The most terrifying PBS special of all time
Every day, Watch This offers staff recommendations inspired by a new movie coming out that week. This week: As part of the A.V. Club’s 10 Days Of Horror, we recommend the movies that frighten us the most.
The Donner Party (1992)
That’s right, one of the most unsettling movies of all time is a PBS history special by Ric Burns (brother of Ken), relating the infamous tale of frontier cannibalism via the usual mix of historical stills, nature photography, and celebrity voiceovers. No matter the level of familiarity with the almost mythically horrific subject matter, there’s something about seeing it dramatized in this square way that makes it penetrate deeper. In a sense, the archival approach is perfect for horror, photographs of the dead being, by their very nature, haunting. Looking at the gaunt, stricken faces of the survivors (ghosts now themselves) drives home the stomach-churning awfulness of what happened better than any fictionalized take ever could.
Throughout The Donner Party, Burns seems to take his visual and aural cues from the opening sequence of The Shining, in which the Torrances drive up a mountain pass to the strains of a doom-laden soundtrack. (The Shining itself contained a reference to the Donner Party.) The opening shot here is a sweeping, bird’s-eye view of the Sierra Nevada mountains, and the music is Angelo Badalamenti’s spectral “Dark Spanish Symphony”; together, they convey an almost cosmic sense of unease and malignant predestination.

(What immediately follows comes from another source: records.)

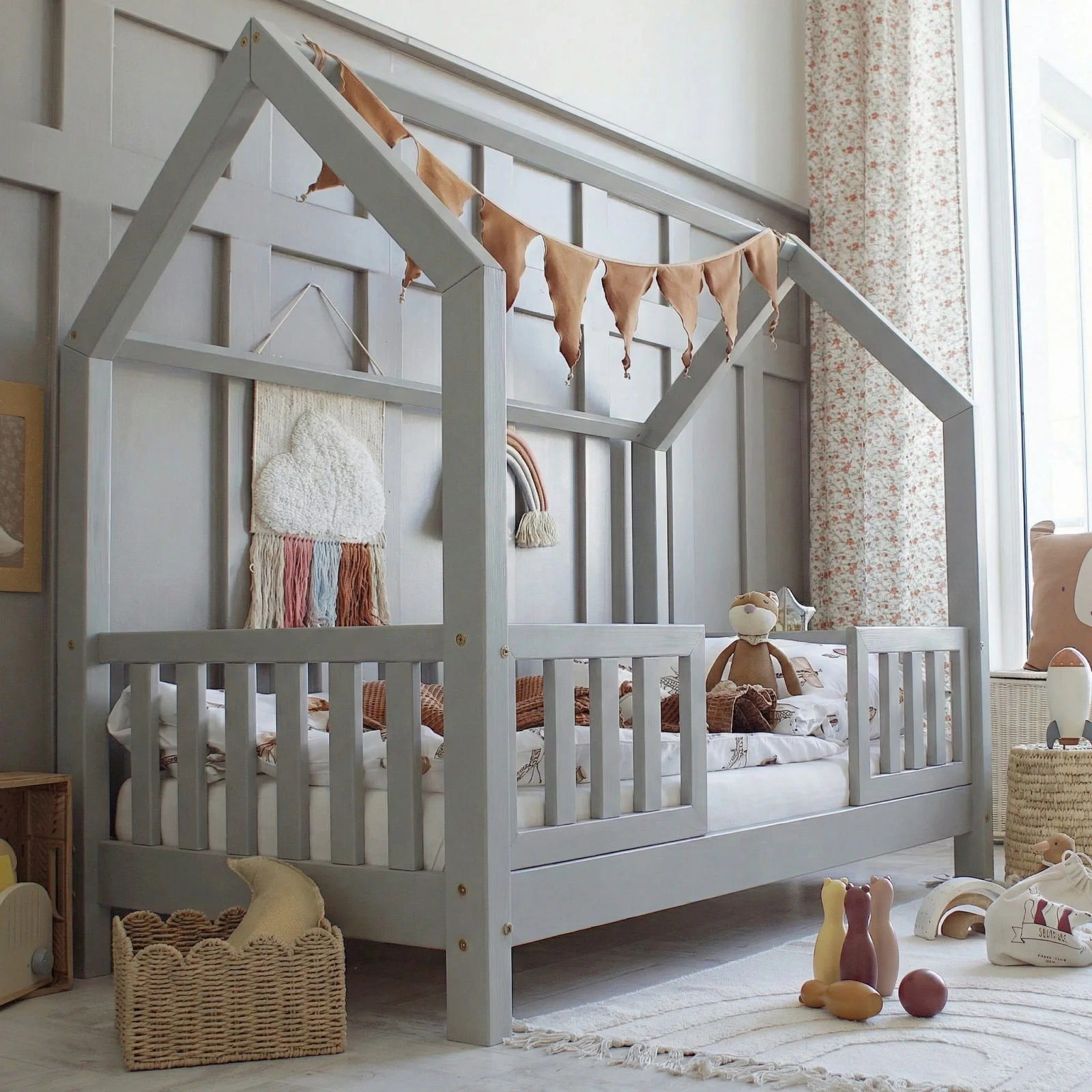 Ο ιδιαίτερος σχεδιασμός σε μορφή σπιτιού δημιουργεί ένα ζεστό και φιλικό περιβάλλον, μετατρέποντας το κρεβάτι σε έναν χώρο όχι μόνο για ύπνο αλλά και για παιχνίδι, χαλάρωση και δημιουργική απασχόληση.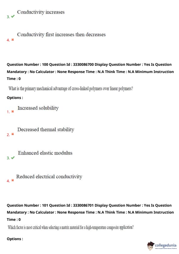 Question 99: What is the primary mechanical advantage of cross-linked polymers over linear polymers?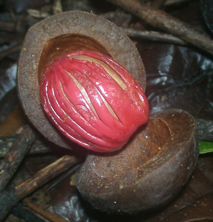 C’est à la saison des fruits (comprise principalement entre octobre et février sur la réserve Trésor) qu’ils se font le plus remarquer. La graine ressemble à une noix de muscade (les virolas étant également de la famille des myristicacées) recouverte d’un arille rouge vif en lamelles espacées se rejoignant à chaque extrémité. Une coque bivalve, ronde, la renferme.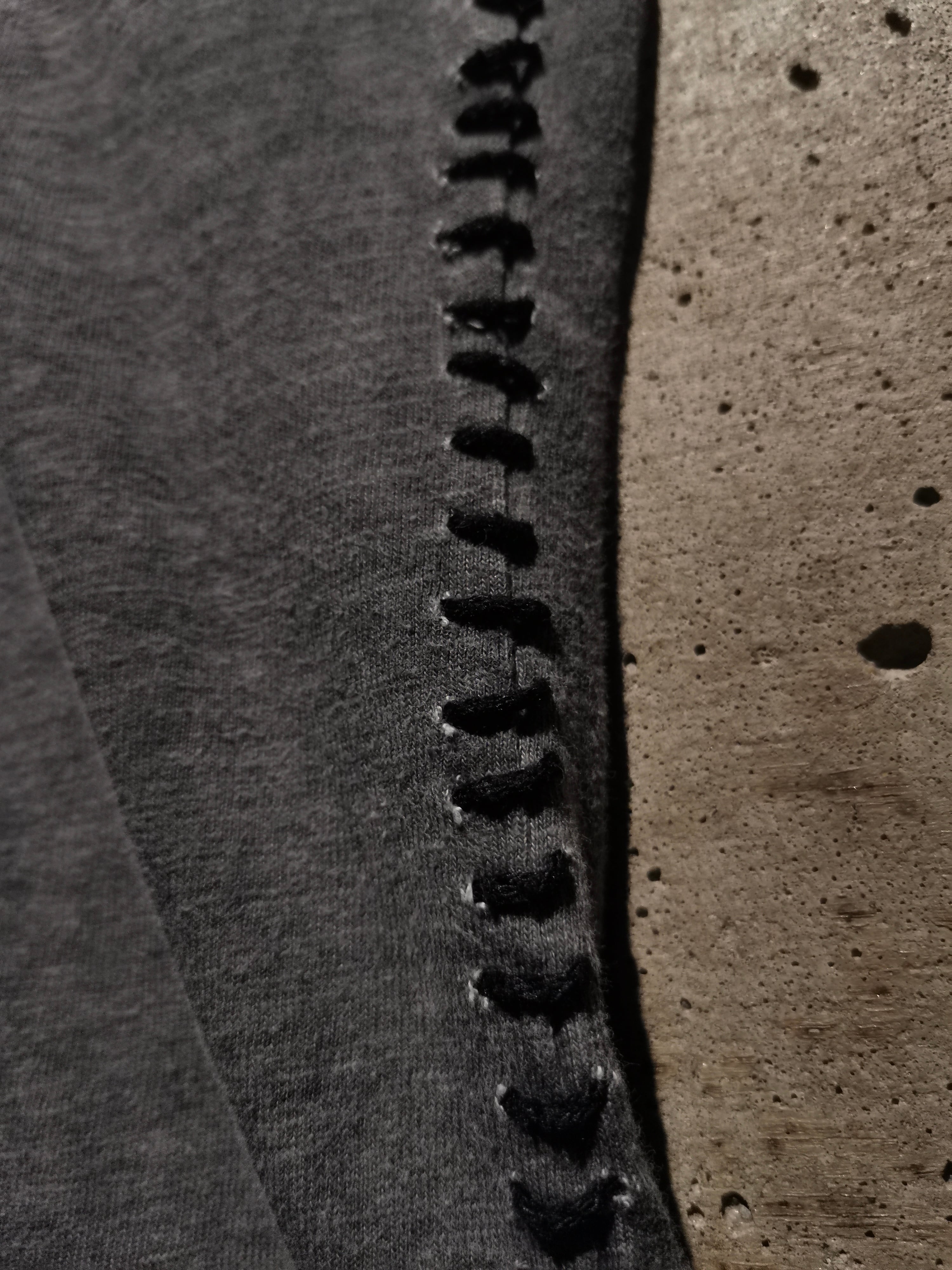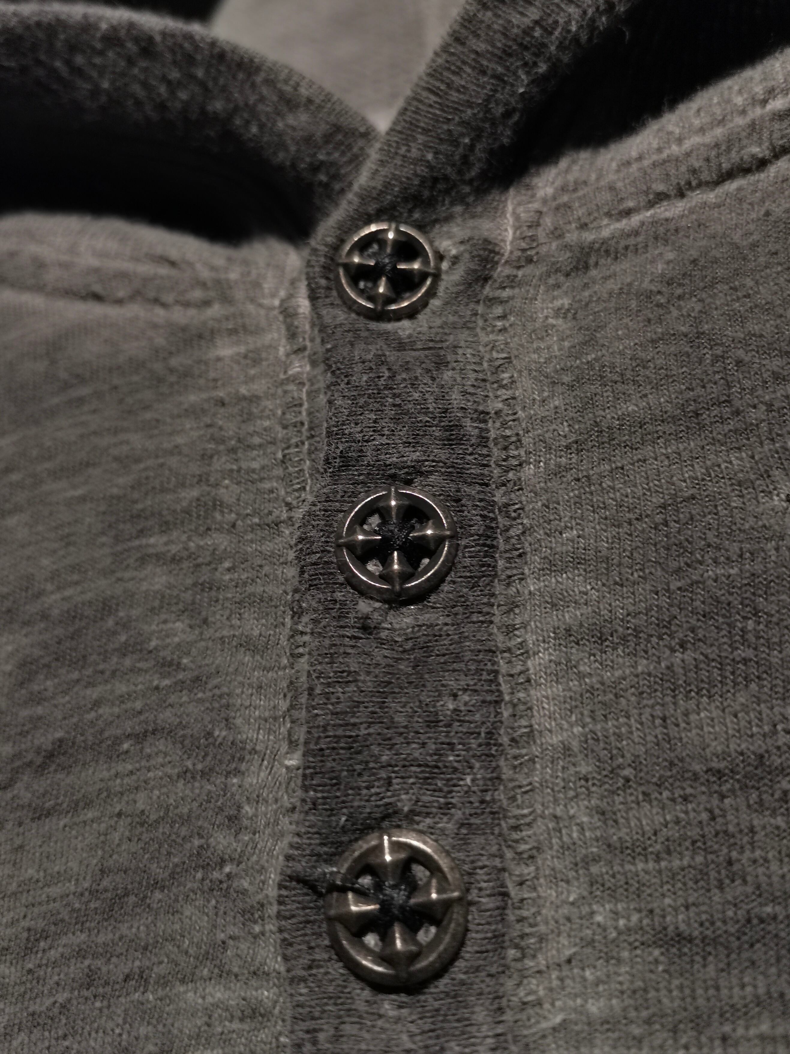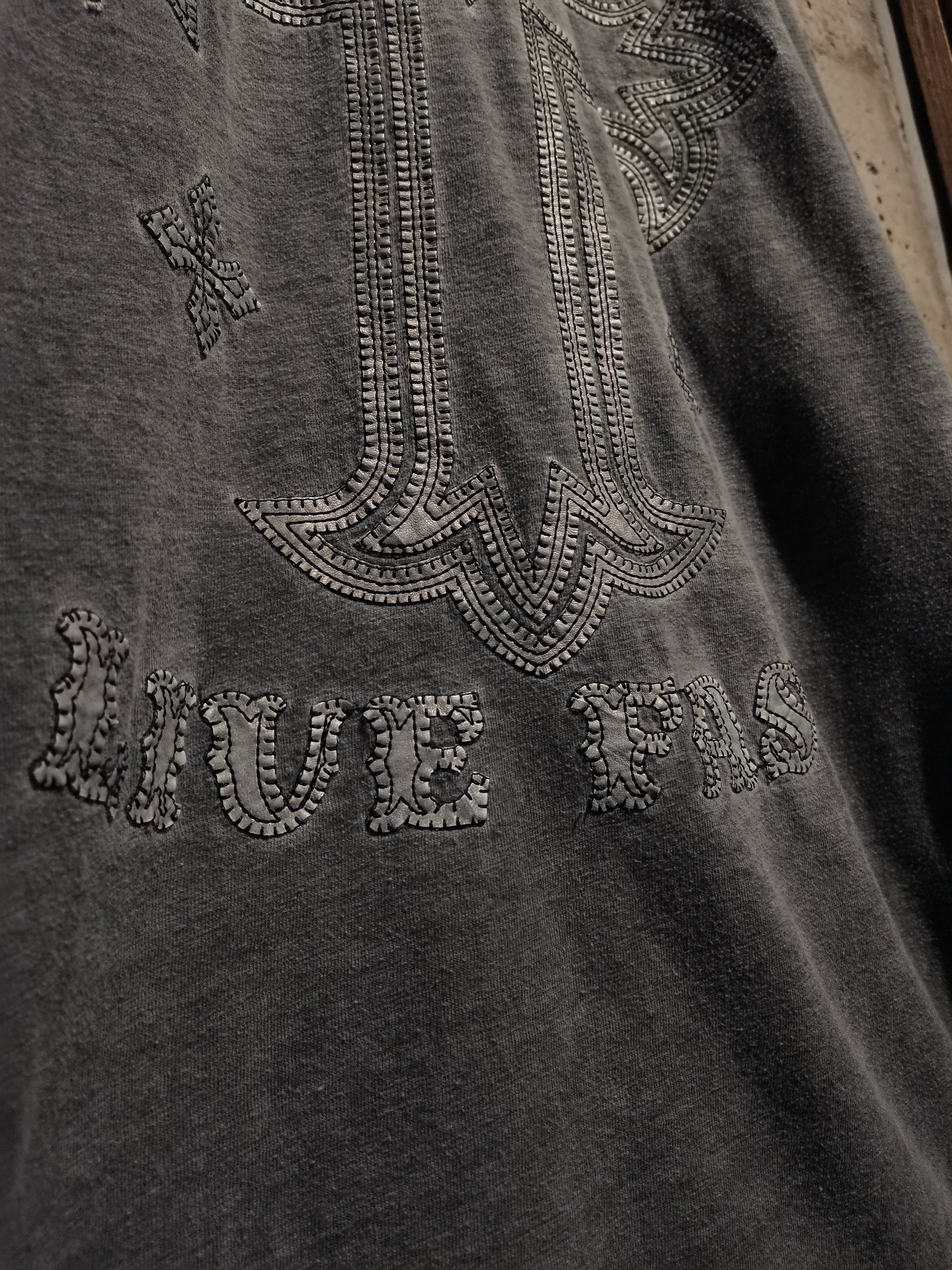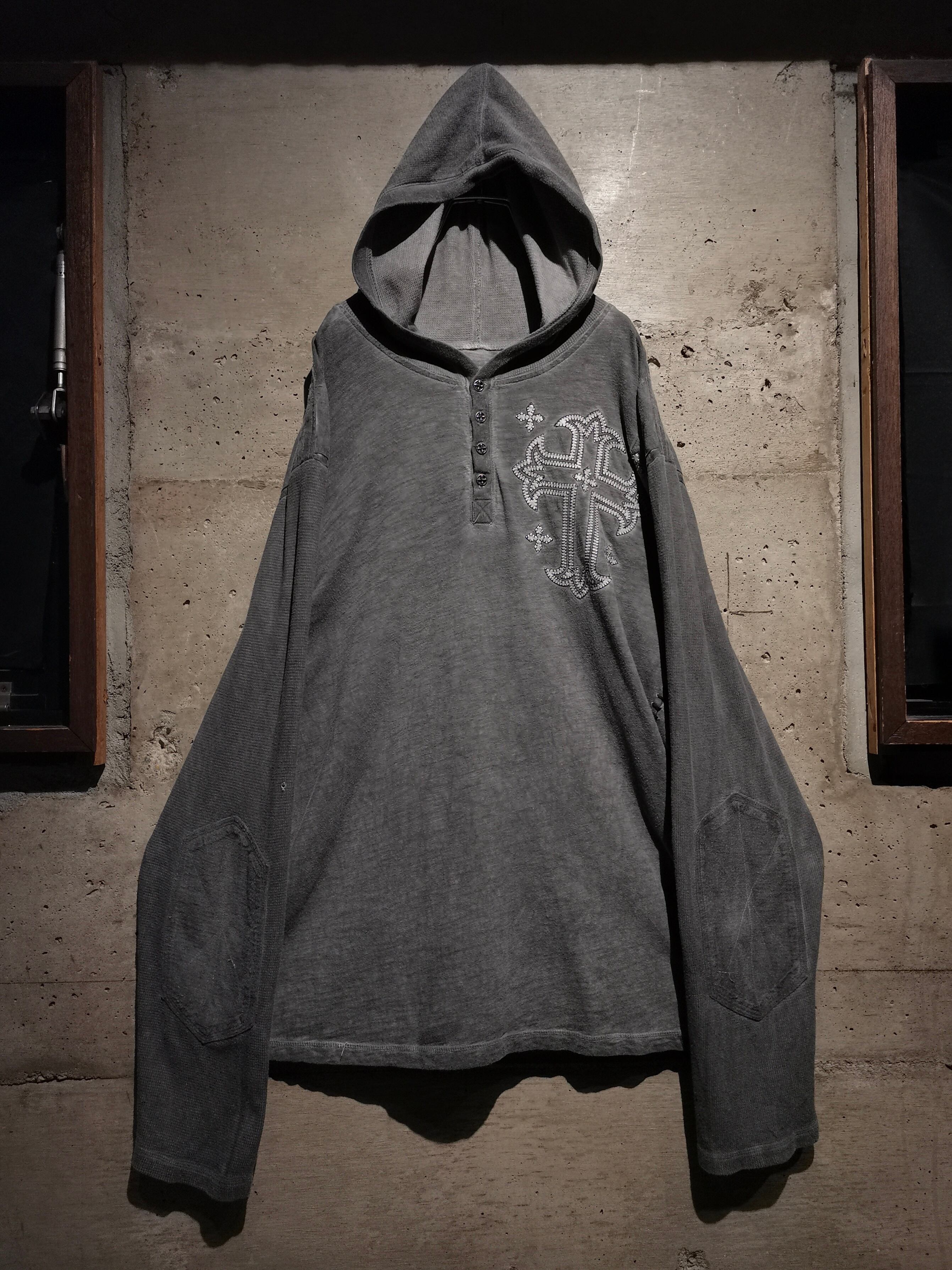ライトな質感に仕上げられたフェード感の効いたグレーカラーのボディに、クロスモチーフのパッチを載せた1着。

Structured as a peculiarly American cautionary tale, the film begins in earnest with an admonishing quotation from Alexis De Tocqueville about “the feverish ardor with which Americans pursue prosperity.” The Donner Party, of course, pursued the quickest route to prosperity, and ended up paying dearly for it. It’s when the party becomes snowed in, about halfway through, that the movie really starts to get disquieting: The diary entries grow increasingly dire, and Burns keeps zeroing in on the sinister, foreboding qualities of, say, a snow-darkened copse of trees or the dying embers of a makeshift fire. The sequence, in which a small splinter group, dubbed “The Forlorn Hope,” decides to murder and then partake of two Native American guides, is disturbing in a way no traditional horror movie has ever been, because the moral terror of their transgression is palpable. The end of the film, which sees the party—reduced in size almost by half—finally make it to California, is perfectly chilling: The only thing worse than the Donner Party’s ordeal, it turns out, is the legacy of that ordeal, and having to bear the weight of it until the end of time.
Availability: The PBS American Experience special The Donner Party is available on DVD, which can be obtained from Netflix.